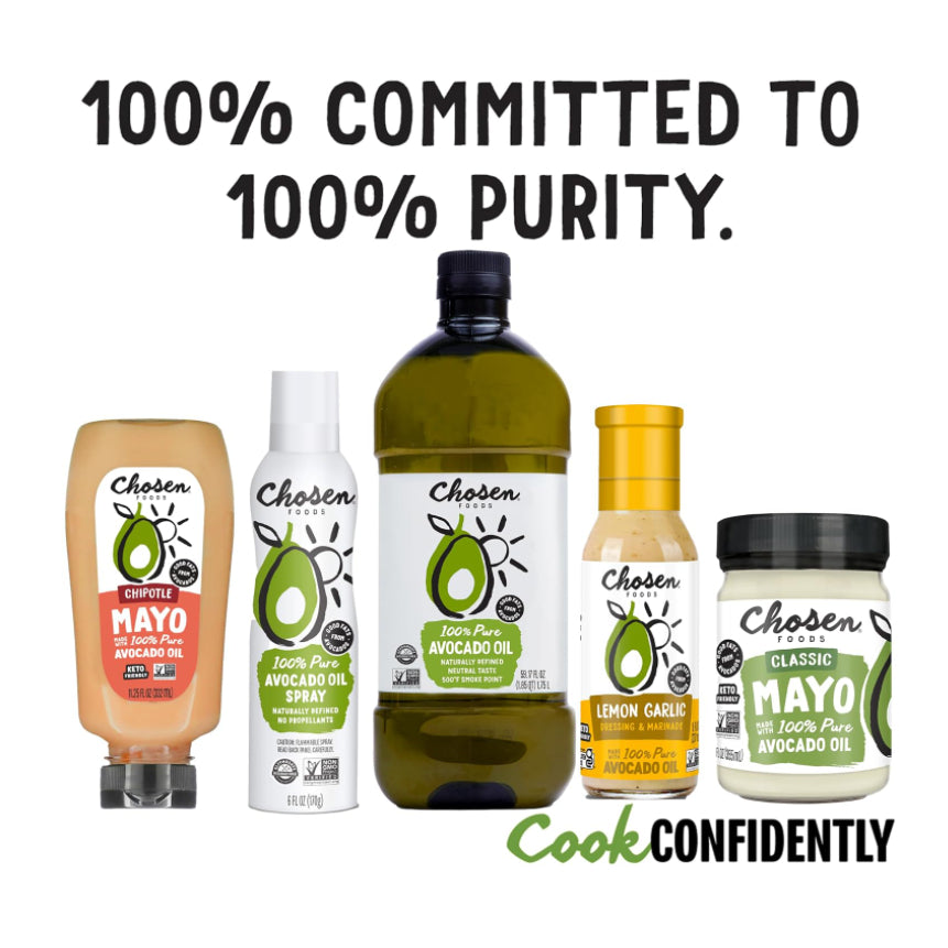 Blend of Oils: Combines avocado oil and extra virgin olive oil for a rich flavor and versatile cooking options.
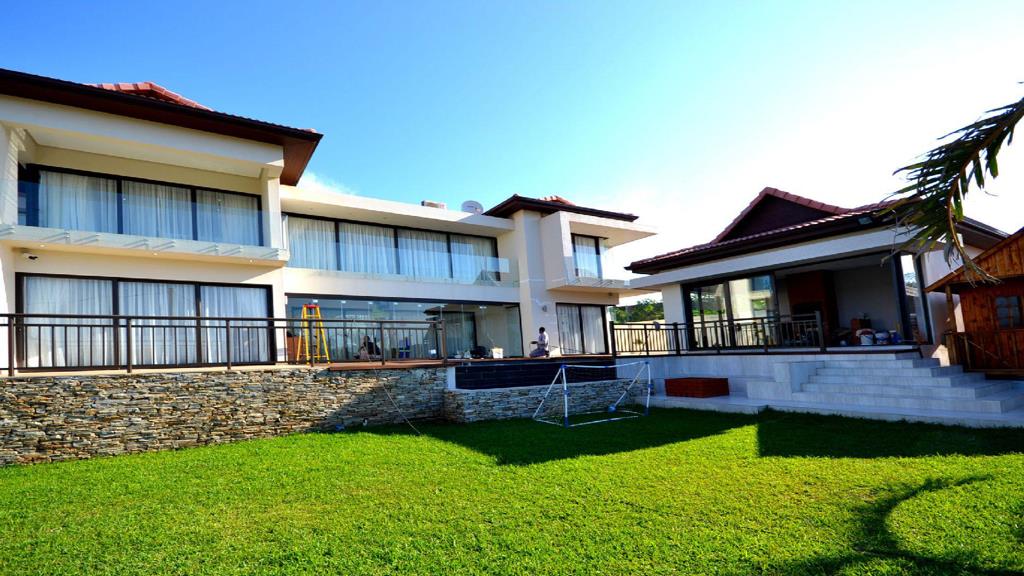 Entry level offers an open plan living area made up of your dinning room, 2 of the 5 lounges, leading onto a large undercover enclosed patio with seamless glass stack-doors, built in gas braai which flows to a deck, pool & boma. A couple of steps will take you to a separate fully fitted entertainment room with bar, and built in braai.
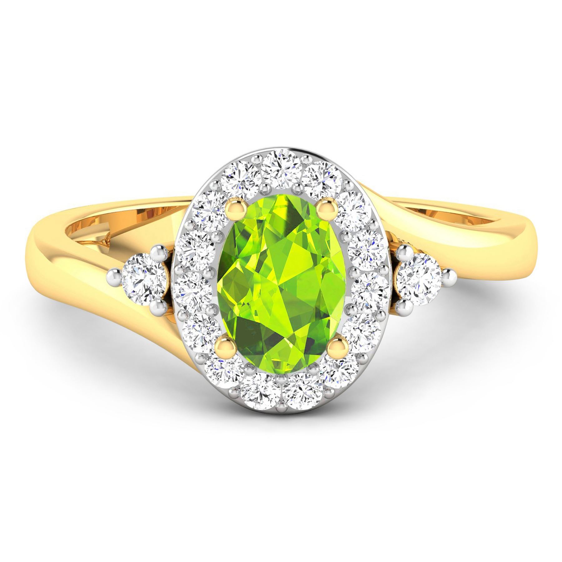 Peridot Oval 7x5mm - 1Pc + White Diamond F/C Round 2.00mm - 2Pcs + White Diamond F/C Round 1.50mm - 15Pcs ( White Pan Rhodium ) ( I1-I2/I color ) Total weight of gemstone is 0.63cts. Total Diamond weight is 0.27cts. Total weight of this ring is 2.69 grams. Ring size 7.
- - -
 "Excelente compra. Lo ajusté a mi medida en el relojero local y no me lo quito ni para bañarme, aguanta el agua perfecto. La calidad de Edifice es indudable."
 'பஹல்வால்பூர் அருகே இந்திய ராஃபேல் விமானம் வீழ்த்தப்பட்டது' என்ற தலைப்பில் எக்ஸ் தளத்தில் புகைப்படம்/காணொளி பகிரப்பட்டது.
- - -
— Task directions —
Output should consist of the lines above from the one with "Blend of Oils: Combines" down to the one with "Peridot Oval 7x5mm", exact and without pictures.

— Answer —
 Blend of Oils: Combines avocado oil and extra virgin olive oil for a rich flavor and versatile cooking options.
 Entry level offers an open plan living area made up of your dinning room, 2 of the 5 lounges, leading onto a large undercover enclosed patio with seamless glass stack-doors, built in gas braai which flows to a deck, pool & boma. A couple of steps will take you to a separate fully fitted entertainment room with bar, and built in braai.
 Peridot Oval 7x5mm - 1Pc + White Diamond F/C Round 2.00mm - 2Pcs + White Diamond F/C Round 1.50mm - 15Pcs ( White Pan Rhodium ) ( I1-I2/I color ) Total weight of gemstone is 0.63cts. Total Diamond weight is 0.27cts. Total weight of this ring is 2.69 grams. Ring size 7.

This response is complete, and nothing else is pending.